DATA TO EXAMINE:
################

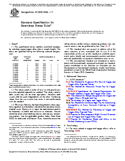 1.1 This specification covers seamless round and rectangular including square copper alloy tube in straight lengths. Ten alloys are specified having the following nominal compositions:
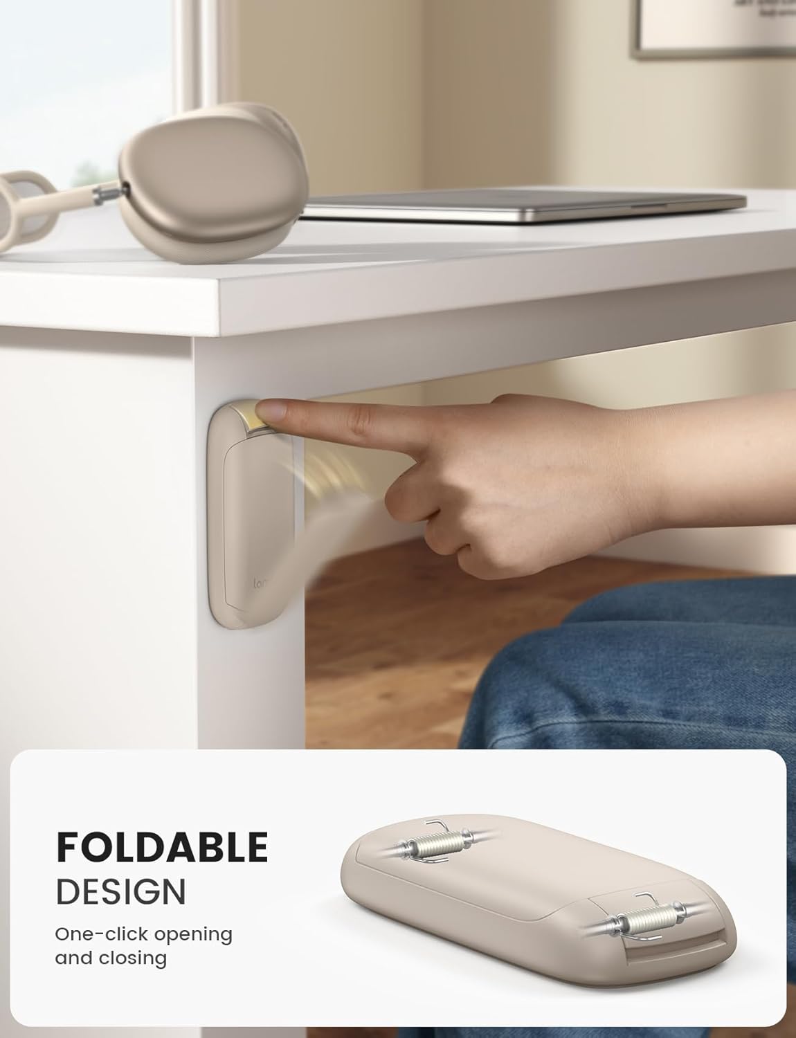 - 【Foldable for Easy Use & Storage】Experience ultimate convenience with our innovative headphone holder. It opens and closes smoothly with one hand, making storing and retrieving your headphones effortless. The entire stand is foldable, collapsing into a slim, flat profile that's incredibly space-efficient. Making it the perfect organization solution for your headphone.
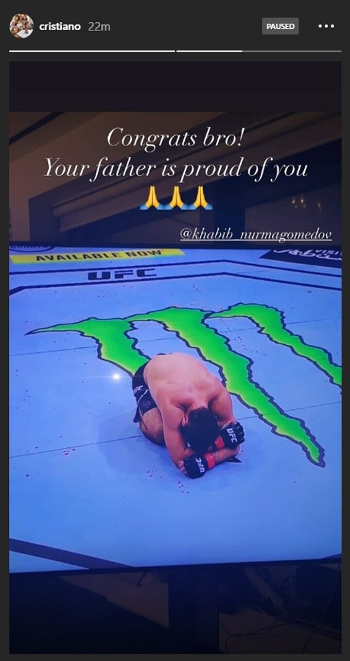 Earlier this year, Ronaldo paid tribute to Khabib after the Russian beat Justin Gaethje in UFC 254 in October, which turned out to be the 32-year-old's final fight of his career.
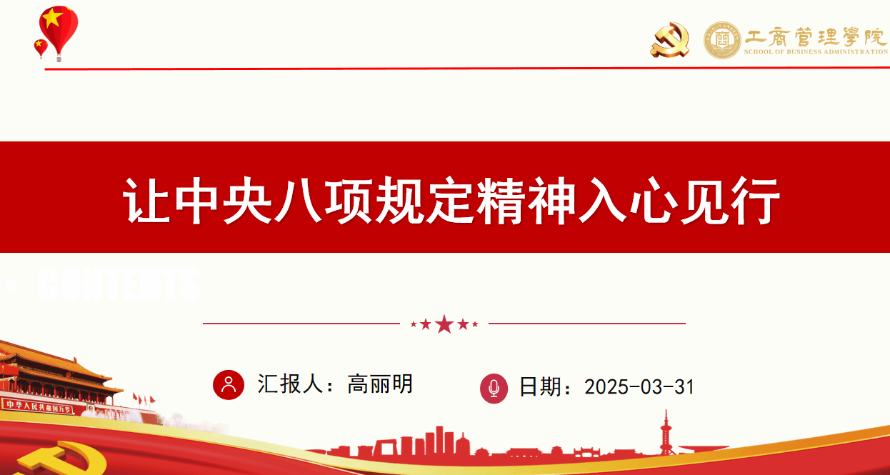 为深入贯彻中央八项规定精神,进一步加强作风建设,落实全面从严治党要求,3月31日下午,工商管理学院党委书记高丽明作了《让中央八项规定精神入心见行》的专题党课,学院全体师生党员参加。
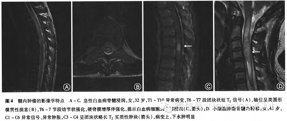 结果 51例患者中,视神经脊髓炎谱系疾病(NMOSD)25例,孤立性长节段脊髓炎6例,亚急性联合变性4例,多发性硬化(MS)、副肿瘤性脊髓病变、脊髓前动脉综合征各3例,急性播散性脑脊髓炎和硬脊膜动静脉瘘各2例,脊髓转移瘤、白血病脊髓浸润以及脊髓中央管扩张各1例。NMOSD多是脊髓中心为主的横贯性、纵向延伸的连续性长T2病变,急性期脊髓肿胀明显,增强扫描可见部分强化;其他疾病的MRI表现也各有特点。
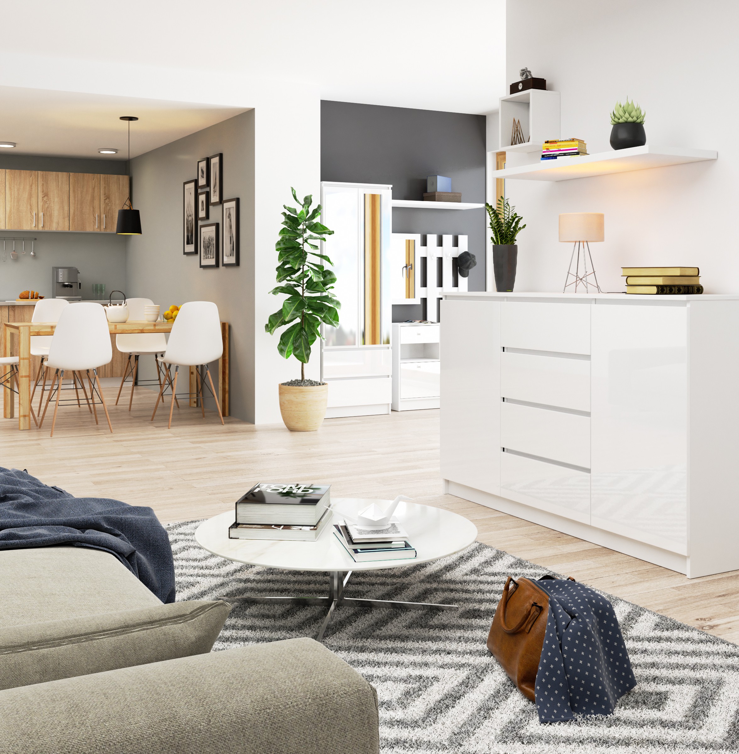 – Komodos korpusas pagamintas iš 16 mm baltos pusiau matinės laminuotos plokštės, atsparios trinčiai – Priekiniai skydai pagaminti iš 19 mm akrilo lentos su baltu blizgiu dekoru – Stalčiai juda ant metalinių ritinėlių kreiptuvų – Kraštai padengti ABS briauna, užtikrinančia aukštą apsaugą nuo pažeidimų – Savarankiškai surenkama komoda – Pridedamos instrukcijos pristatyme – 24 mėnesių garantija

################

Leave out the pictures and give the rest of the records again exactly.

ANSWER FOR THE TASK:
 1.1 This specification covers seamless round and rectangular including square copper alloy tube in straight lengths. Ten alloys are specified having the following nominal compositions:
 - 【Foldable for Easy Use & Storage】Experience ultimate convenience with our innovative headphone holder. It opens and closes smoothly with one hand, making storing and retrieving your headphones effortless. The entire stand is foldable, collapsing into a slim, flat profile that's incredibly space-efficient. Making it the perfect organization solution for your headphone.
 Earlier this year, Ronaldo paid tribute to Khabib after the Russian beat Justin Gaethje in UFC 254 in October, which turned out to be the 32-year-old's final fight of his career.
 为深入贯彻中央八项规定精神,进一步加强作风建设,落实全面从严治党要求,3月31日下午,工商管理学院党委书记高丽明作了《让中央八项规定精神入心见行》的专题党课,学院全体师生党员参加。
 结果 51例患者中,视神经脊髓炎谱系疾病(NMOSD)25例,孤立性长节段脊髓炎6例,亚急性联合变性4例,多发性硬化(MS)、副肿瘤性脊髓病变、脊髓前动脉综合征各3例,急性播散性脑脊髓炎和硬脊膜动静脉瘘各2例,脊髓转移瘤、白血病脊髓浸润以及脊髓中央管扩张各1例。NMOSD多是脊髓中心为主的横贯性、纵向延伸的连续性长T2病变,急性期脊髓肿胀明显,增强扫描可见部分强化;其他疾病的MRI表现也各有特点。
 – Komodos korpusas pagamintas iš 16 mm baltos pusiau matinės laminuotos plokštės, atsparios trinčiai – Priekiniai skydai pagaminti iš 19 mm akrilo lentos su baltu blizgiu dekoru – Stalčiai juda ant metalinių ritinėlių kreiptuvų – Kraštai padengti ABS briauna, užtikrinančia aukštą apsaugą nuo pažeidimų – Savarankiškai surenkama komoda – Pridedamos instrukcijos pristatyme – 24 mėnesių garantija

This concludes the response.